| Activity |
Retype the records below from their first line through the line holding "This model features", including both ends and no pictures.

Collected data:
§ §

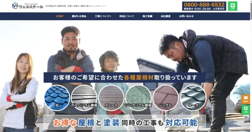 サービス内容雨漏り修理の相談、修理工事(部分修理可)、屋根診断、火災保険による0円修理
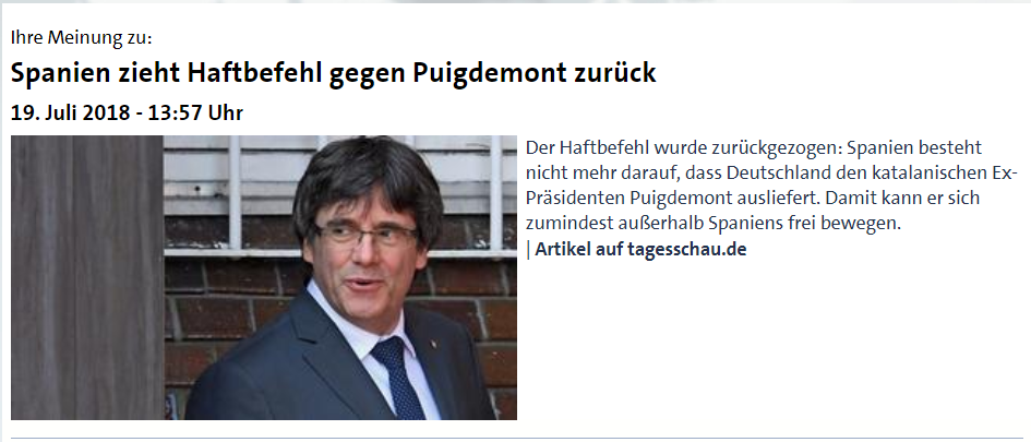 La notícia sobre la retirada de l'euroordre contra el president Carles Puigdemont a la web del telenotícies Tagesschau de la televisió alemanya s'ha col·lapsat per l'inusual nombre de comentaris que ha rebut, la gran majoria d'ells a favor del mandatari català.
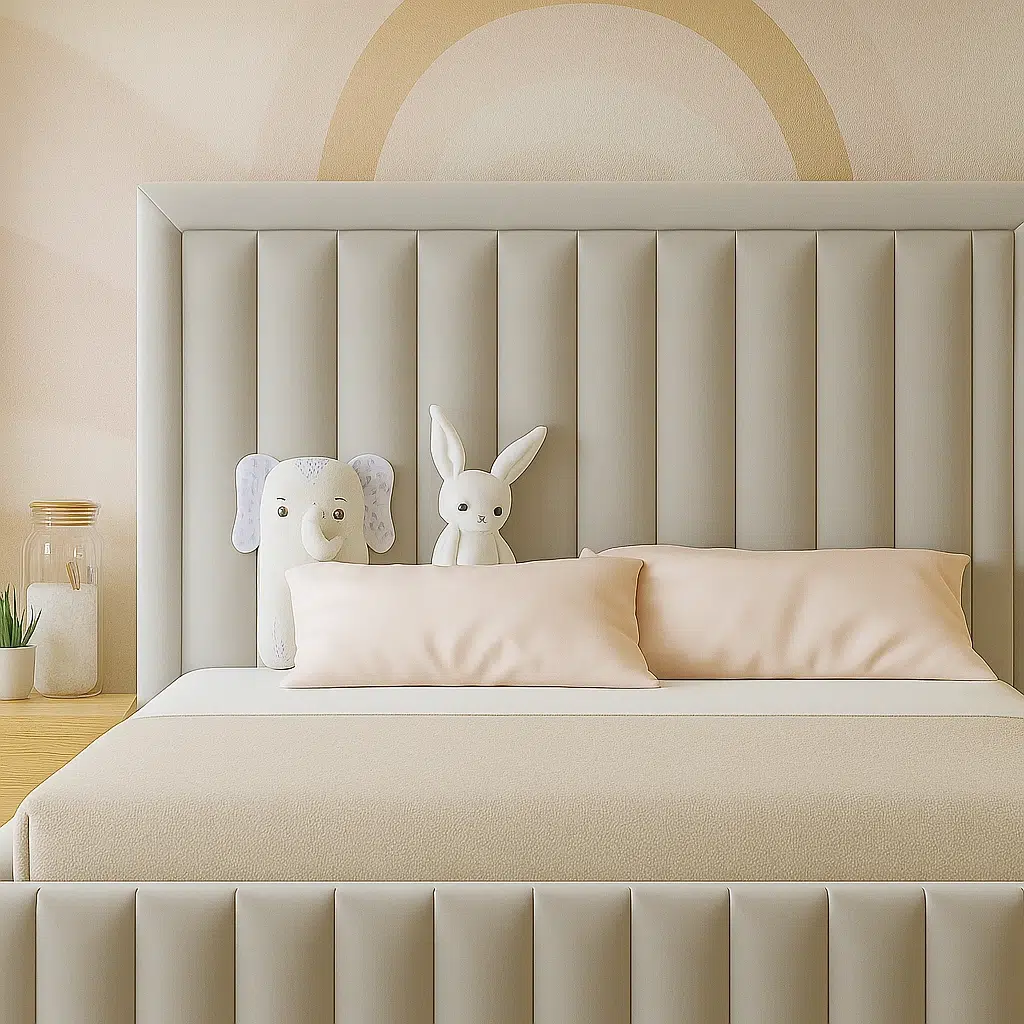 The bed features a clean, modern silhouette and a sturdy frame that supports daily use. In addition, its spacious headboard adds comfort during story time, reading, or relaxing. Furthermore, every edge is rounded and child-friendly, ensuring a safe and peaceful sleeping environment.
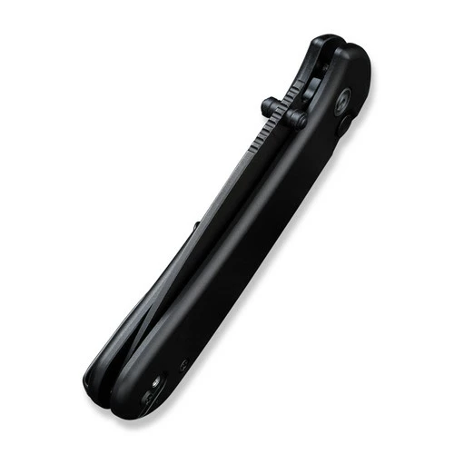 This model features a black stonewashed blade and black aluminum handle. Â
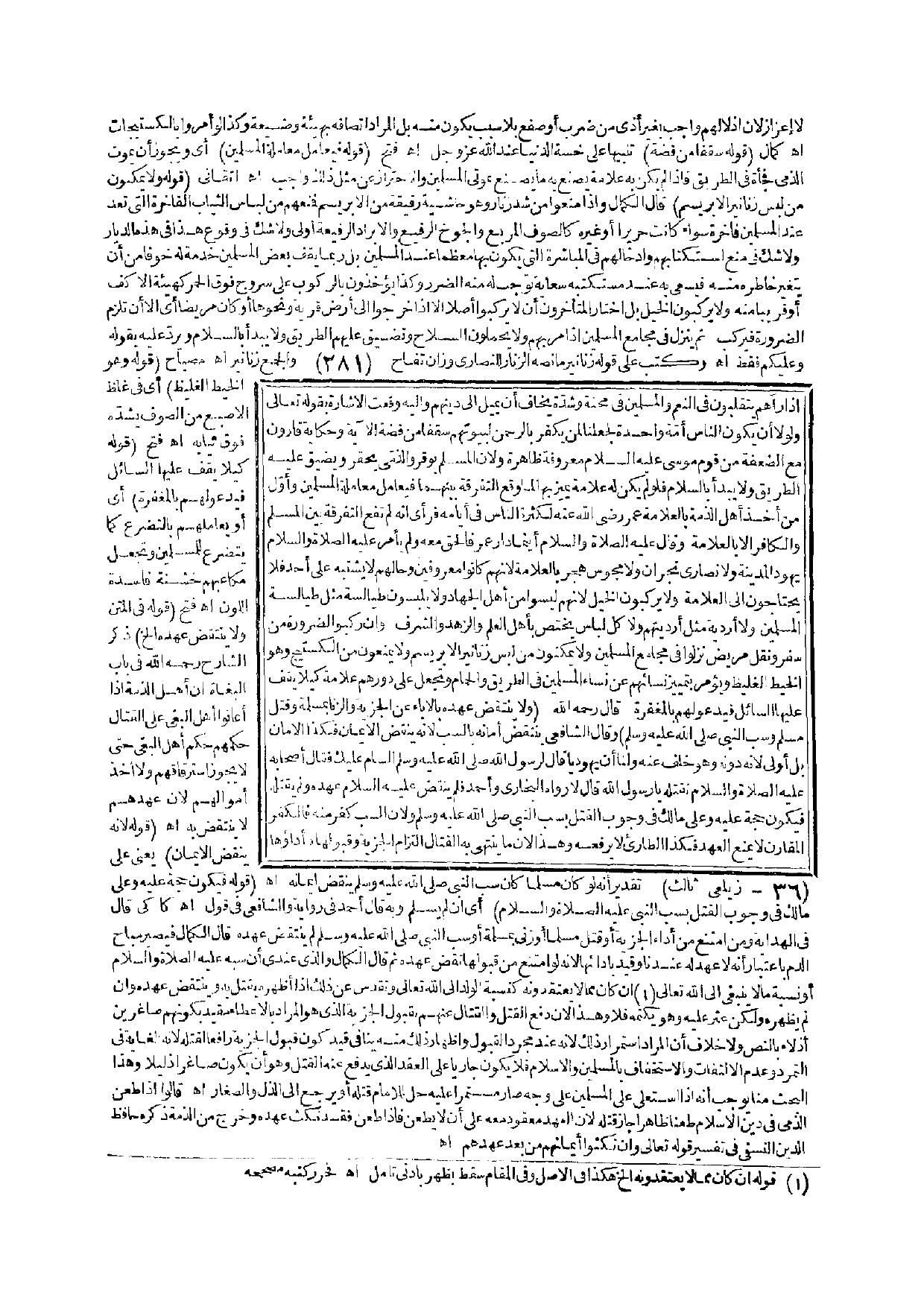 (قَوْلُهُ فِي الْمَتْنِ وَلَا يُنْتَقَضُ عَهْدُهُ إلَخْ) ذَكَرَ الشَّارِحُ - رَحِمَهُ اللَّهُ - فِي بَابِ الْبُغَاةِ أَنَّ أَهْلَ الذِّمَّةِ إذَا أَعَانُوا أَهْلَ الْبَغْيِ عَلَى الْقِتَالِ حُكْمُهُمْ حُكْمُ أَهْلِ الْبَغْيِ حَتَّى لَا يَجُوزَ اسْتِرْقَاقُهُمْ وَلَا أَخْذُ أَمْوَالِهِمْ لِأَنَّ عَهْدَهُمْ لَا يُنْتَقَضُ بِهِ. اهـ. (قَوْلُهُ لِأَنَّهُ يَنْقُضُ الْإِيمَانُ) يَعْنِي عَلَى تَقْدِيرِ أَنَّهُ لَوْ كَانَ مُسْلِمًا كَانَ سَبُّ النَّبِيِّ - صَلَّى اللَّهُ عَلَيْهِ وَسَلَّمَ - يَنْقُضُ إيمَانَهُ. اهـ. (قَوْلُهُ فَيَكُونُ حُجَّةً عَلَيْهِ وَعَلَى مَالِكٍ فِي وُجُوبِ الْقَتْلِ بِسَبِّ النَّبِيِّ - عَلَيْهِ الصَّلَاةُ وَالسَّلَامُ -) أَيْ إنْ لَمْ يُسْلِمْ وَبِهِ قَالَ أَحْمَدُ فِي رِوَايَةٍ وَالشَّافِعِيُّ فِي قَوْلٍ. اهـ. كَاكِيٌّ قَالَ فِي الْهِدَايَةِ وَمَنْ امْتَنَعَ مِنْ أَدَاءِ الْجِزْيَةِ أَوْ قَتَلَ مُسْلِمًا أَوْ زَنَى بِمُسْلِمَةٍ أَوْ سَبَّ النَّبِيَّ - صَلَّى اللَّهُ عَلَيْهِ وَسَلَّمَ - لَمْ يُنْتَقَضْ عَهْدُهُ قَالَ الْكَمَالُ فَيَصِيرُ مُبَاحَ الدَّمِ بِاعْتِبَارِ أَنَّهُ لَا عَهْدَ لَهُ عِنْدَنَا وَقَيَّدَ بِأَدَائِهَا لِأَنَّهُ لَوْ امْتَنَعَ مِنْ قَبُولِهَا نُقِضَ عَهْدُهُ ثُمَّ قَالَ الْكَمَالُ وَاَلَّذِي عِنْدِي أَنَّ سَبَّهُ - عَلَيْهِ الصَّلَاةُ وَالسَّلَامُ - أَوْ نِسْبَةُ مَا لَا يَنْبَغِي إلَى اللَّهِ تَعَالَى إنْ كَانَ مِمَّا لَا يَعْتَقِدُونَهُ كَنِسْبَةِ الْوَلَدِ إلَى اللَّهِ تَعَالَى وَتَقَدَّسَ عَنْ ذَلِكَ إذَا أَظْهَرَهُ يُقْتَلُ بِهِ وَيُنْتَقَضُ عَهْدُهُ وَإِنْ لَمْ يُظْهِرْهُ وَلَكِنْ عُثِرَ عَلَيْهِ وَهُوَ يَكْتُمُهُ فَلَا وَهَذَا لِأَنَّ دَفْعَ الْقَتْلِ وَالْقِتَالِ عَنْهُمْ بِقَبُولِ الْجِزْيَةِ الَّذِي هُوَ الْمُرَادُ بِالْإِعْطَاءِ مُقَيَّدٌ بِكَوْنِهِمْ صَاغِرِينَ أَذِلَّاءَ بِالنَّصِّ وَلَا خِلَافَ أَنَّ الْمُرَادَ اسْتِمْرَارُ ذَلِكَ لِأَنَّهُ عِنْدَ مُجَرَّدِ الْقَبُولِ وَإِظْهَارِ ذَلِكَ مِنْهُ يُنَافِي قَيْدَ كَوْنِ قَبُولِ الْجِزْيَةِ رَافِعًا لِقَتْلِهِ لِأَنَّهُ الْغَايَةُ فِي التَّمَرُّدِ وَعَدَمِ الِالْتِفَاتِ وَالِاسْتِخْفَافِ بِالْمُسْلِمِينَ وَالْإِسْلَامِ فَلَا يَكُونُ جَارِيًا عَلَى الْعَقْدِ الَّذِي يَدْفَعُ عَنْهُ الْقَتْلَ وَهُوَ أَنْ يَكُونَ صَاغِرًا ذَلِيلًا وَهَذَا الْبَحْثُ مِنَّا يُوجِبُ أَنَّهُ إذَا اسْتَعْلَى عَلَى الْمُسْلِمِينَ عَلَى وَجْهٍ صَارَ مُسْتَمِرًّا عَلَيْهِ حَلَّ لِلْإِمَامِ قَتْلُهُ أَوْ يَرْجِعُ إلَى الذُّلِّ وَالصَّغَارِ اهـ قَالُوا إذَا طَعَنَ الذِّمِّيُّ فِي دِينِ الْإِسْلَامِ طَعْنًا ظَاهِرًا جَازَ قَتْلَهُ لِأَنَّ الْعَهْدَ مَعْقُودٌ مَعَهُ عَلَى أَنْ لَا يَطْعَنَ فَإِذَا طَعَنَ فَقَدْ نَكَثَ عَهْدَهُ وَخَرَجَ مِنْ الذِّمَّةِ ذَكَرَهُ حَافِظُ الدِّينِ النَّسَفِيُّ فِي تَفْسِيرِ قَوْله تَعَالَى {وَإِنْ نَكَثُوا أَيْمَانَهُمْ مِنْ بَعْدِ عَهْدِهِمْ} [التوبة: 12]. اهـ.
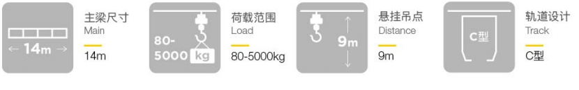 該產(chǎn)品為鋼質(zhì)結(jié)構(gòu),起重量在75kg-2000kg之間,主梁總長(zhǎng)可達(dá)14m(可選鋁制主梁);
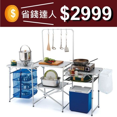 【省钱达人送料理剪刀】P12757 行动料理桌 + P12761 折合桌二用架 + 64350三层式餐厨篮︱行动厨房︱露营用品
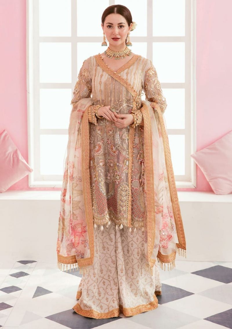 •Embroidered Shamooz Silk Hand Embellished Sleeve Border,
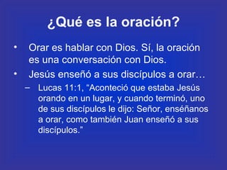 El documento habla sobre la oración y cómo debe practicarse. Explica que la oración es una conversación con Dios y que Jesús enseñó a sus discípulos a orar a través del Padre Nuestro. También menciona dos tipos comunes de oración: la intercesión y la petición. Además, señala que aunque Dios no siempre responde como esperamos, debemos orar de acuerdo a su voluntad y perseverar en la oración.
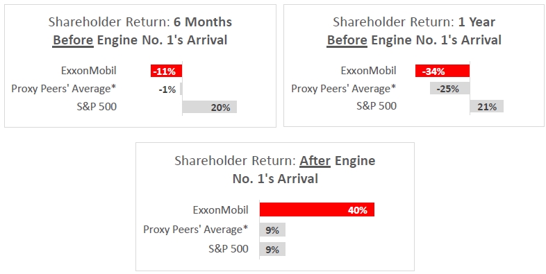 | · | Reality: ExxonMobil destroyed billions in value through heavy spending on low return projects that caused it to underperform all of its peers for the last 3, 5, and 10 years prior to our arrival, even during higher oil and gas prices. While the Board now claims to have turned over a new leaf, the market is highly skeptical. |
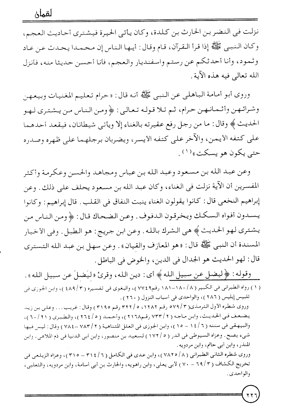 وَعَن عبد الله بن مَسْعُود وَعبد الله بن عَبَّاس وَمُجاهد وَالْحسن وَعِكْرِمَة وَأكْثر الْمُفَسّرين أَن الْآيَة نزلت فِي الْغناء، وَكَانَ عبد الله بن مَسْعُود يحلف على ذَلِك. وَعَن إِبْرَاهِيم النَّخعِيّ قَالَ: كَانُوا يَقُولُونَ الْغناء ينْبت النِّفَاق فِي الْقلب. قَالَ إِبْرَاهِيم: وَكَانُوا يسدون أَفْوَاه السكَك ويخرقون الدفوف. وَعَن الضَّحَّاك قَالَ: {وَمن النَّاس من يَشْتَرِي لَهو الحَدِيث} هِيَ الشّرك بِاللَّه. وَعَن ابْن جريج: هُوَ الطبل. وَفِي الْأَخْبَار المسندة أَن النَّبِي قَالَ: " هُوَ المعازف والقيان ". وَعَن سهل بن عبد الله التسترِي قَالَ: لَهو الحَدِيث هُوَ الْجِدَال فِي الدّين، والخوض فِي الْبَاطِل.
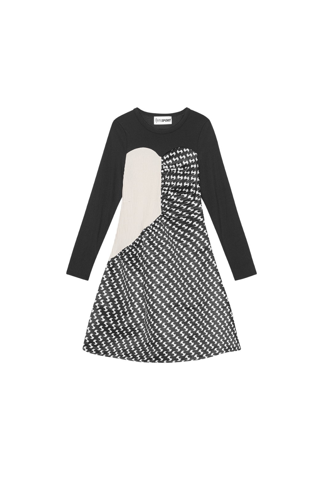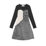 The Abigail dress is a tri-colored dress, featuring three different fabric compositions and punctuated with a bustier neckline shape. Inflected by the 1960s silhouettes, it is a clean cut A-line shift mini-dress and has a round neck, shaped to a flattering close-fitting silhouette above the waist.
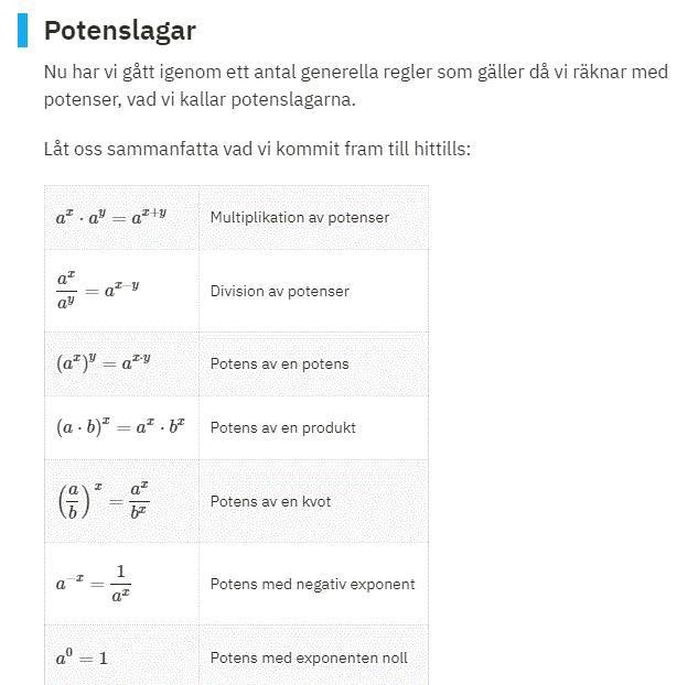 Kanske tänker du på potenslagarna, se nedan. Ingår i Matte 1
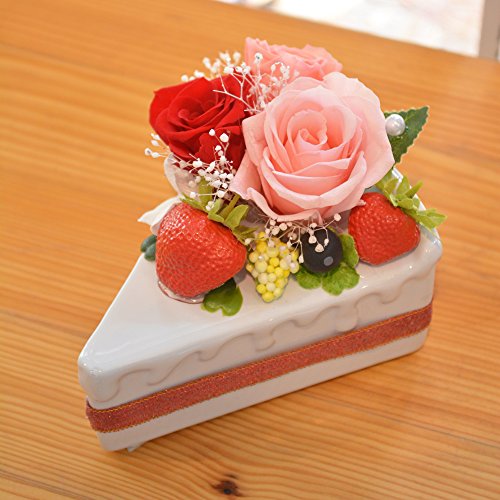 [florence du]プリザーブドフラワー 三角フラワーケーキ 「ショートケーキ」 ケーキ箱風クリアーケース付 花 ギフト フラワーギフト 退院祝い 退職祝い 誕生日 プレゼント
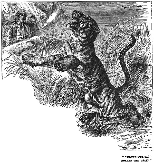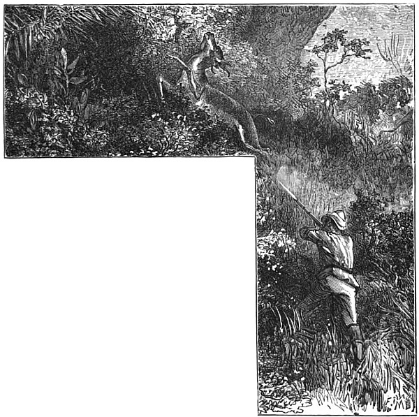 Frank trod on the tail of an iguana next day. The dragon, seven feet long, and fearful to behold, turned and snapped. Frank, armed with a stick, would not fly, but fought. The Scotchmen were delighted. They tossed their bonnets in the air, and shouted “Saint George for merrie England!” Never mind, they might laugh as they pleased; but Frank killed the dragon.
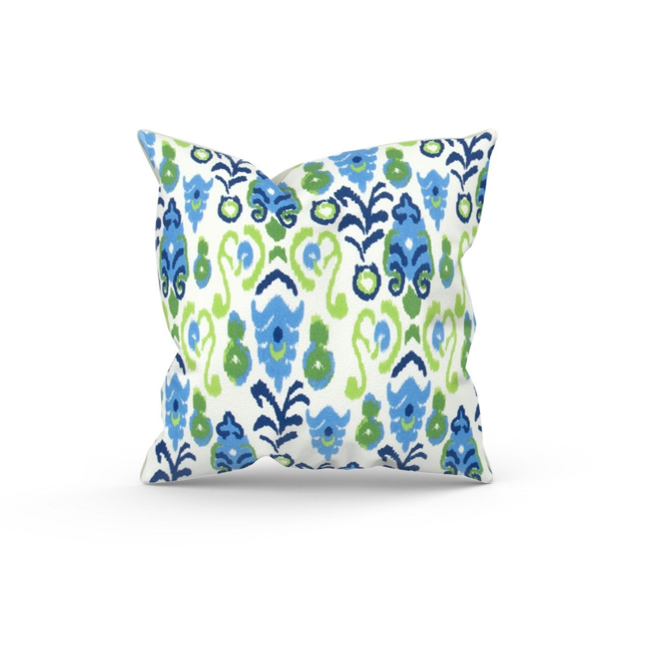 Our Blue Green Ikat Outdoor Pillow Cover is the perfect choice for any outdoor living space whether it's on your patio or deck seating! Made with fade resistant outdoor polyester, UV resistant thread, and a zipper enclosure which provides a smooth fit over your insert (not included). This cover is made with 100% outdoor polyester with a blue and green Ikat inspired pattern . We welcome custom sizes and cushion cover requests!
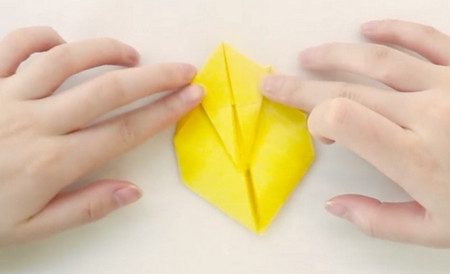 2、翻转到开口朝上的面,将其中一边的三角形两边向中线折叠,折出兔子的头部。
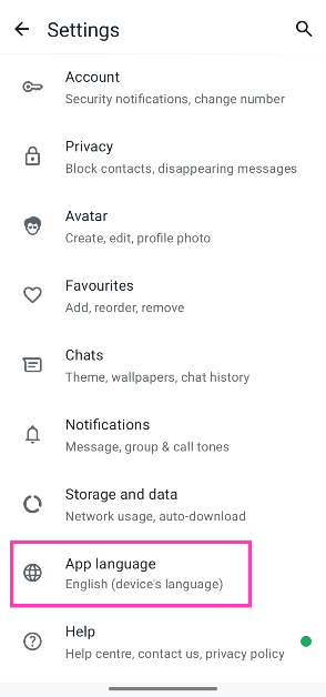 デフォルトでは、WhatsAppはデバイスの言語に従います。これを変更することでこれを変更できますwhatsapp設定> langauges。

§ §

| Result of this task |
 サービス内容雨漏り修理の相談、修理工事(部分修理可)、屋根診断、火災保険による0円修理
 La notícia sobre la retirada de l'euroordre contra el president Carles Puigdemont a la web del telenotícies Tagesschau de la televisió alemanya s'ha col·lapsat per l'inusual nombre de comentaris que ha rebut, la gran majoria d'ells a favor del mandatari català.
 The bed features a clean, modern silhouette and a sturdy frame that supports daily use. In addition, its spacious headboard adds comfort during story time, reading, or relaxing. Furthermore, every edge is rounded and child-friendly, ensuring a safe and peaceful sleeping environment.
 This model features a black stonewashed blade and black aluminum handle. Â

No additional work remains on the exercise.